Added to which, it was an admirably modest affair, “the year’s fiscal Cinderella giving the voters a perennially welcome opportunity to vote for a well-acted exponent of liberal moral values over a violent, blood-stained epic”. Also in its favour: the Academy loves to push an envelope if it’s of the sentimental kind, hence Tandy receiving Best Actress at 81, the oldest win in that category, accompanied by many a remark of Miss Daisy that “My mother/ grandmother is like her”. It even elicited light-hearted ribbing (“the film which apparently directed itself” host Billy Crystal suggested, referring to the lack of a Best Director nod).

A brief mention of Dan Aykroyd’s performance, which finds him effortlessly segueing from broad comedy to reliable character acting. He’s good in a part that veers from subtlety to overegging (a bit like the movie as a whole), and includes the most winning description of Daisy (“You’re a doodle, mama”). It’s also quite possible the praise he received laid the seeds for transgressions to come, however, since the relatively light makeup work on aging Dan would be eclipsed by the disastrous full bloom of Nothing but Trouble a few years later.

Were the Academy crazy to give the Best Picture Oscar to Driving Miss Daisy? Probably no more than usual in their choices, although they particularly laid themselves open that year, such that Lee is inextricably wrapped up in the picture’s legacy. I’m reluctant to go to bat for Spike, as he’s one of the most overrated of “revered” Hollywood directors, but Do the Right Thing is easily his best movie (not robbed for Best Original Screenplay, though; the movie’s definitely more than the sum of such parts).

As The New York Times‘ Vincent Canby saw it, Lee missed out on additional Oscar exposure because “Do the Right Thing won’t play the game. It talks back. . . Do the Right Thing doesn’t call attention to progress, it asks for more.
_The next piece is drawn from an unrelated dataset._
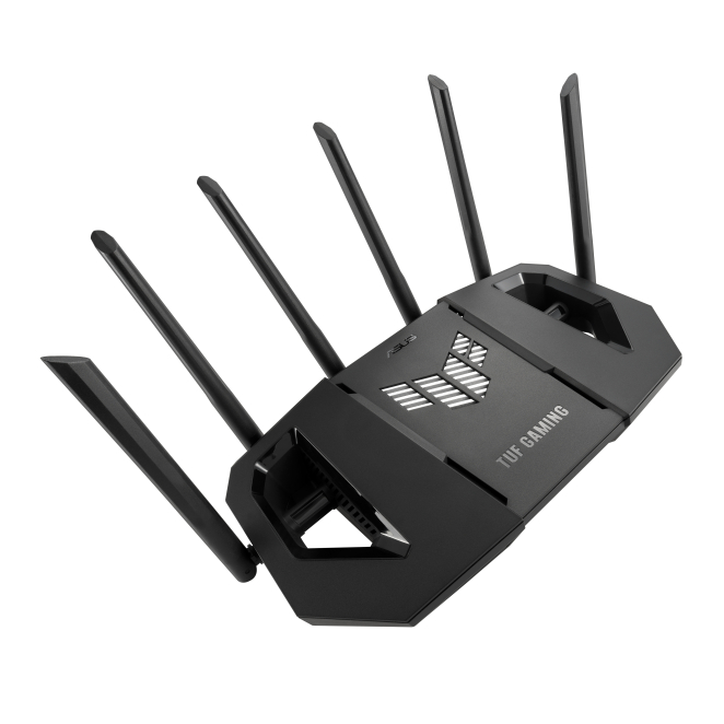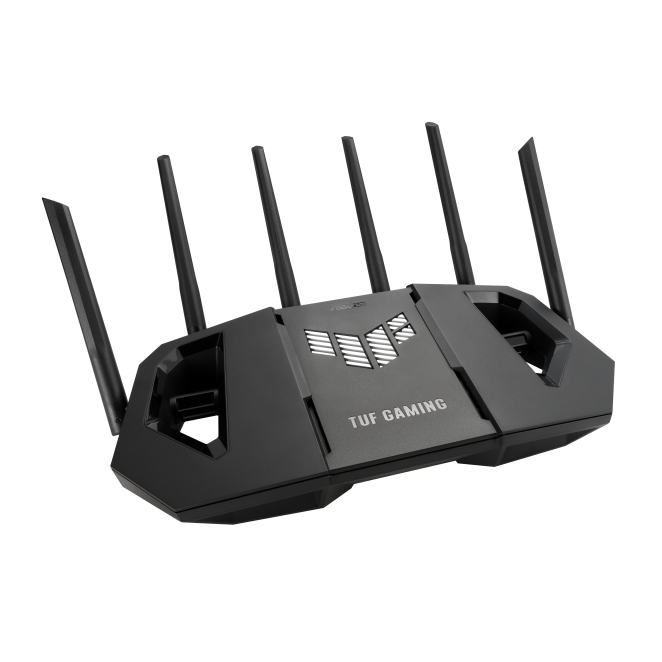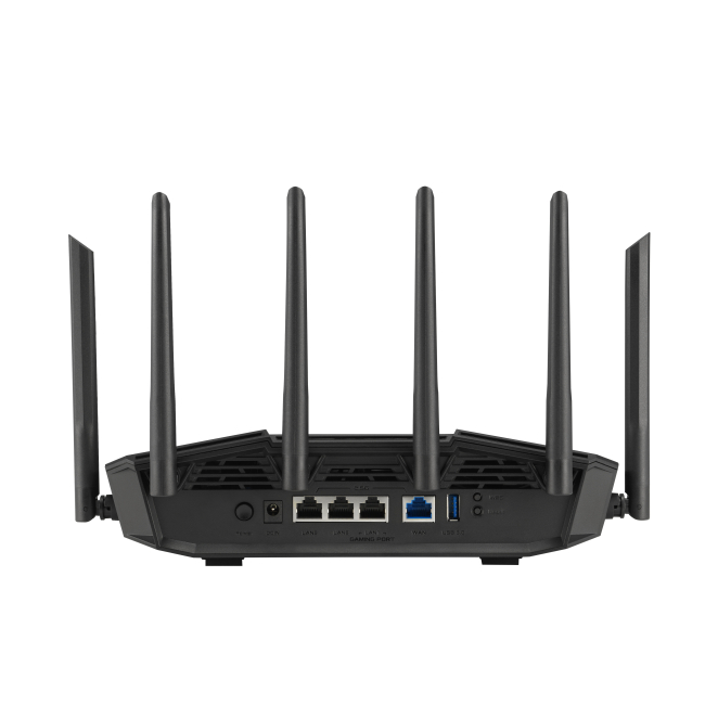 Imagen del router inalámbrico ASUS modelo 90IG0A30-MO9C00, de color negro, con capacidades tribanda (2.4 GHz, 5 GHz, 6 GHz) y velocidad de 2.5 Gigabit Ethernet

Now”. Which suggests, had Stone had been holding forth from the parapet with a megaphone at the time of Platoon, it might have been in for the same fate as Born on the Fourth of July; it’s easy to put Oscar off, unless they feel duty bound to virtue signal.

Lee later had the temerity to wag the finger when discussing the limited recognition received by the deeply average Selma. Did you know, he advised, that Do the Right Thing is being “taught in film schools all across the world”? That’s right. And “Nobody’s discussing Driving Miss mother fuckin’ Daisy”. That’s right, and nobody will be discussing Da 5 Bloods either. Or OldboyDriving Miss Daisy winning isn’t especially more egregious than Titanic or A Beautiful Mind taking home the top prize. It’s a certain kind of pat, inoffensive (except to Spike) moviemaking that hits an awards sweet spot from time to time.

What I do find interesting is that Driving Miss Daisy’s the last PG (US) offering to date to win Best Picture. That’s a far more lasting takeaway, I suspect, than commonplace undeserved statuettes. The likelihood of three PG nominees in the current environment, when there are up to ten vacancies, seems unlikely enough, let alone if there were a mere five, as per 1989; it should go without saying that either of the other two would have been much more deserving winners.